The Ellis County Press
Lancaster Airport Set for Expansion
April 28, 2006
As the southern Dallas County area continues to boom with commercial growth, the Lancaster airport is trying to keep up.
Assistant City Manager Jan Belcher said an expansion would allow the airport to accommodate larger corporate jets, which needed longer runways to land and take-off.
“We can take some of the largest business jets,” Belcher said noting the airport would be able to accommodate dual-wheel Gulf Stream 5 planes when the development was complete.
Two small corporate jets were already flying executives into the airport.

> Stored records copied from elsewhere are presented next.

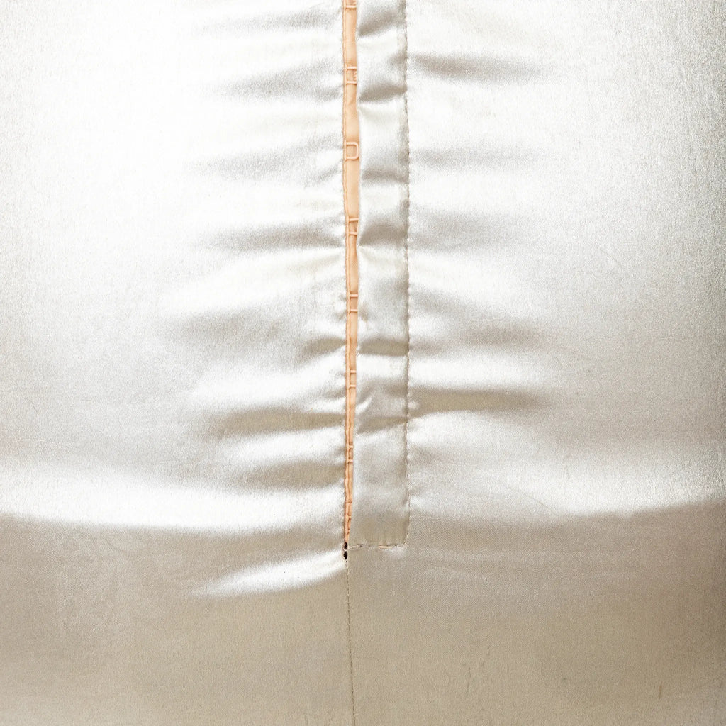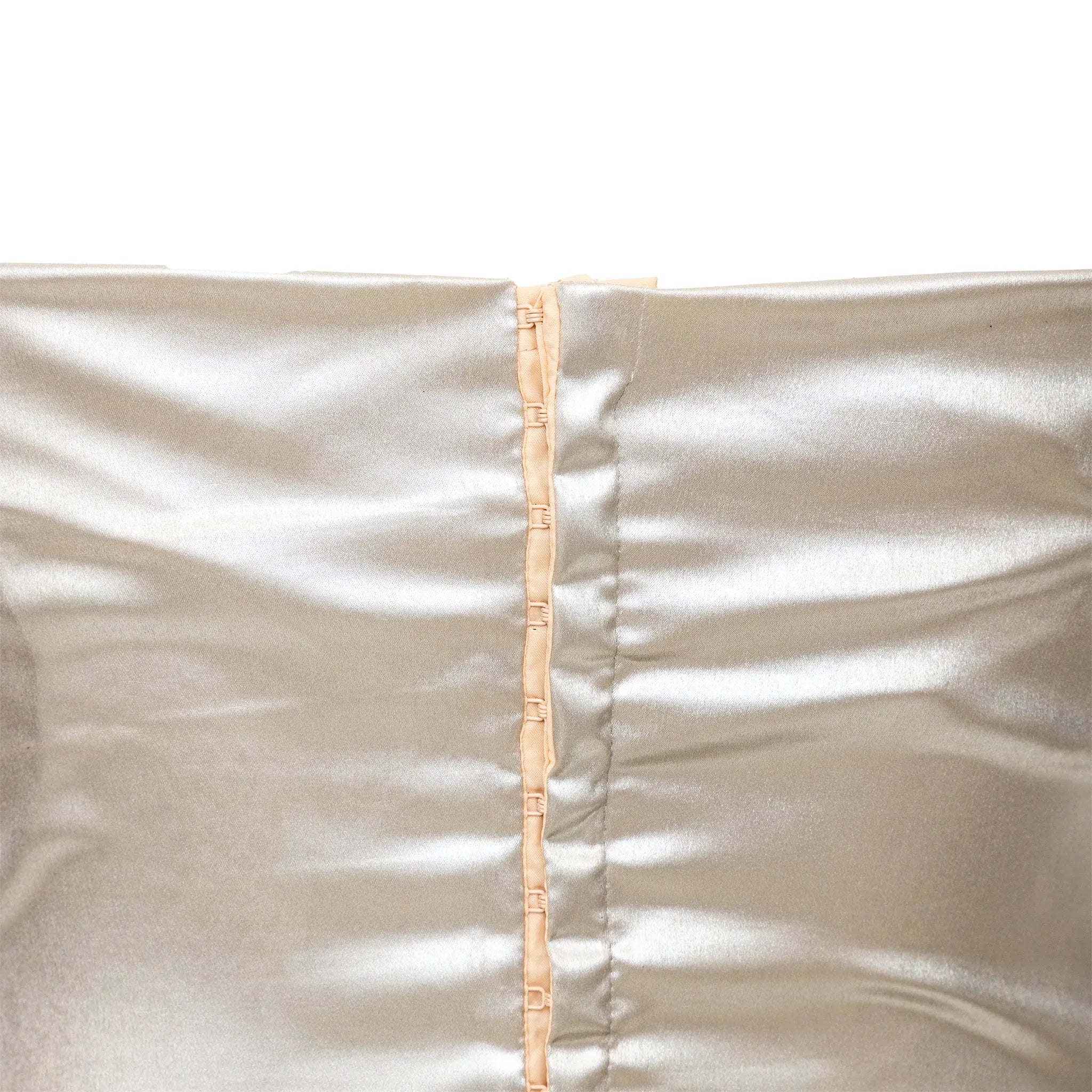 Dolce & Gabbana metallic silver dress with subtle self-baroque print, stretchy fabric, and built-in corset-style bodice. From the Fall/Winter 1998 collection.
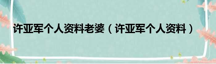 导读 大家好,今天小六子来为大家解答以下的问题,关于许亚军个人资料老婆,许亚军个人资料这个很多人还不知道,现在让我们一起来看看吧!1、姓名
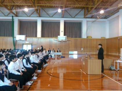 1学年は5,6限目に体育館で「先輩に学ぶ講演会」を行いました。
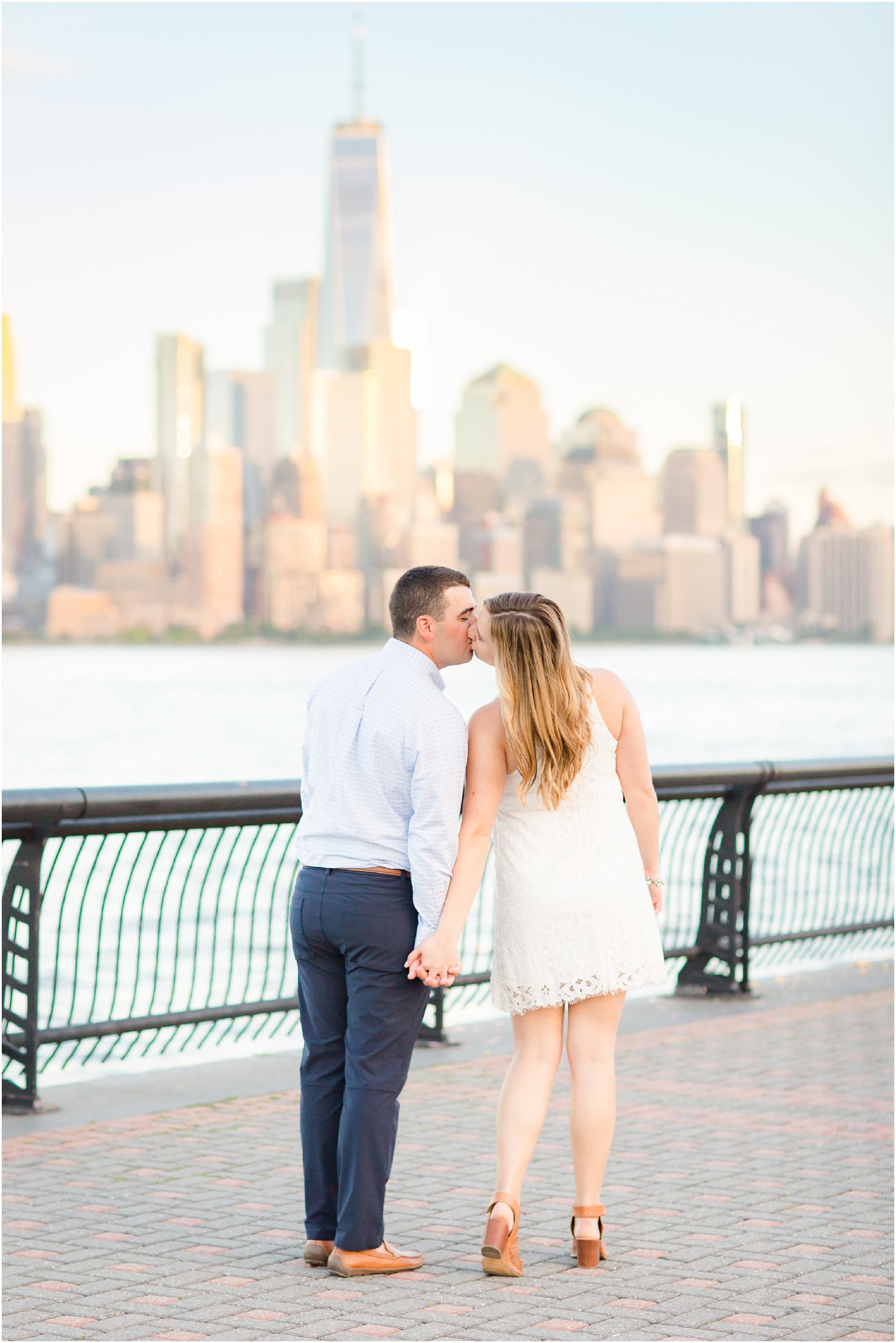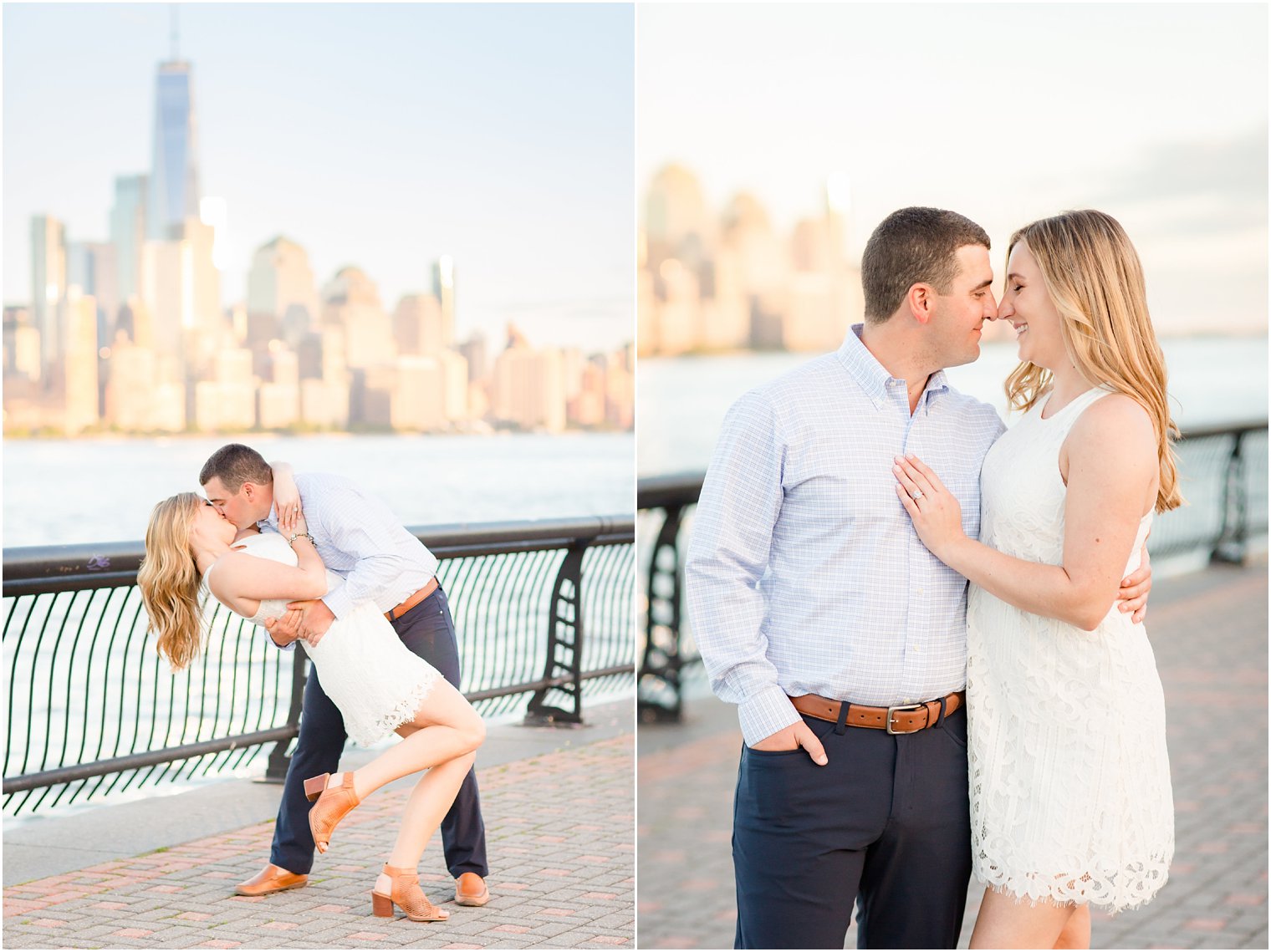 For their engagement session, I headed up to Hoboken. We started the session out at their favorite neighborhood spot where they love to walk their dog, Moses. I had never been to this area of Hoboken and it ended up being perfect! I love the cobblestones, light-colored buildings, and welcoming vibe of this spot. Plus Trish and Mike were so at ease with each other; they warmed up to the camera right away with their genuine laughter and excitement over being engaged. I have to say that I really loved meeting their dog Moses, too. {He was so well-behaved! A big thank you to Trish’s Man of Honor for coming to assist with Moses!!) For the second half of their session, we went down to the Hoboken waterfront and had a perfect ending to our time together. Enjoy getting to know these two as they await their June 2019 wedding!

According to a recent study conducted by city officials, executives driving from the Lancaster Airport could arrive at the Central Dallas Business District quicker than if they had driven from Love Field due to the light flow of traffic in the southern Dallas County region.
“They come here because we have easy transportation to wherever they want to go,” Belcher said.
The 306-acre municipal airport would use a $ 8.8 million grant from the Texas Department of Transportation Aviation Division to expand the runway to 6,500 feet from its current 5,000 feet and overlay the existing runway to accept heavier planes.
Environmental assessments, engineering studies and at least 100 more acres must be purchased on the south-end before any groundbreaking could actually begin, as 90 percent of the project would be paid using federal funds.
The city would be required to match 10 percent of the grant using local money.
Regional leaders were also interested in the airport’s growth as the River of Trade Corridor Coalition and the Dallas NAFTA Trade Corridor were looking to develop another cargo airport on eastern edge of the metroplex.
Fort Worth’s Alliance Airport, developed by Ross Perot Jr. in the early 1990s, was the only cargo airport currently serving the Dallas-Fort Worth region. Mesquite’s Metro Airport was another facility being considered as a cargo airport.
Dallas Councilman Bill Blaydes, who serves as chairman of the Dallas NAFTA Trade Corridor, said Lancaster would be an ideal location for another cargo airport due to its close proximity to Interstates 45, 20, 35 and the Union Pacific Intermodal Rail port in Wilmer-Hutchins.
“It is definitely sitting there in first place because it is so close to major intermodals,” Blaydes said. Both airports have the opportunity to eventually expand their runways up to 10,000 feet since they are surrounded by farming land, Blaydes said.
As a waiting list was filling up there was additional space surrounding the airport to allow more hangers to be constructed.
New water and sewer lines were expected to be installed to serve the south end of the airport during the next few months using $107,425 divided equally among the Lancaster Economic Development Board and the city’s water/sewer fund, Belcher said.